§ ACTIVITY:
Go through the listing below and repeat it exactly, dropping the pictures.

====== COLLECTED DATA ======

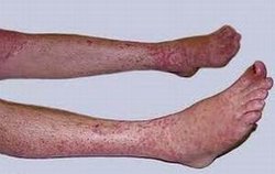 2、红皮病型牛皮癣:初起时在原有银屑病皮损部位出现潮红,迅速扩延成大片,最后全身呈现弥漫性潮红浸润,常见的四种牛皮癣症状分类之二,在弥漫性潮红浸润中,常有片状正常“皮岛”,为本病的特征之一。
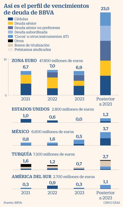 Los vencimientos de deuda en la zona euro en 2021 de BBVA suman 6.700 millones. La mayor parte no necesitará refinanciación. Pero en la entidad señalan que “es una situación transitoria”, en función del uso de esos recursos".
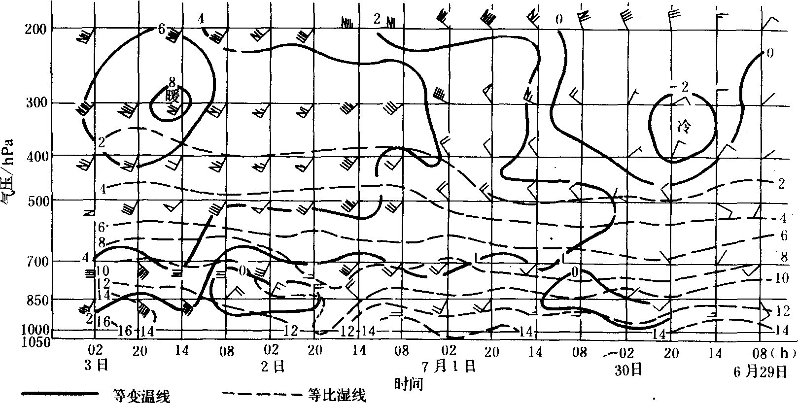 | 释义 | 时间剖面图shijian poumiantutime cross section diag ram表征某一地点上空气象要素值和物理量随时间变化的天气图解,又称时间垂直剖面图。以时间为横坐标,以高度或气压对数尺度为纵坐标,可填写各高度上的气温、露点温度、比湿、位温、假相当位温、垂直速度、风向、风速和天气现象等。可以绘制各种等值线,以分析该地上空大气状况的演变、分析锋区、对流层顶等天气系统经历该地的情况。日常天气分析和研究工作中,经常使用这种天气图,如下图。

======

§ WRITTEN RESPONSE:
 2、红皮病型牛皮癣:初起时在原有银屑病皮损部位出现潮红,迅速扩延成大片,最后全身呈现弥漫性潮红浸润,常见的四种牛皮癣症状分类之二,在弥漫性潮红浸润中,常有片状正常“皮岛”,为本病的特征之一。
 Los vencimientos de deuda en la zona euro en 2021 de BBVA suman 6.700 millones. La mayor parte no necesitará refinanciación. Pero en la entidad señalan que “es una situación transitoria”, en función del uso de esos recursos".
 | 释义 | 时间剖面图shijian poumiantutime cross section diag ram表征某一地点上空气象要素值和物理量随时间变化的天气图解,又称时间垂直剖面图。以时间为横坐标,以高度或气压对数尺度为纵坐标,可填写各高度上的气温、露点温度、比湿、位温、假相当位温、垂直速度、风向、风速和天气现象等。可以绘制各种等值线,以分析该地上空大气状况的演变、分析锋区、对流层顶等天气系统经历该地的情况。日常天气分析和研究工作中,经常使用这种天气图,如下图。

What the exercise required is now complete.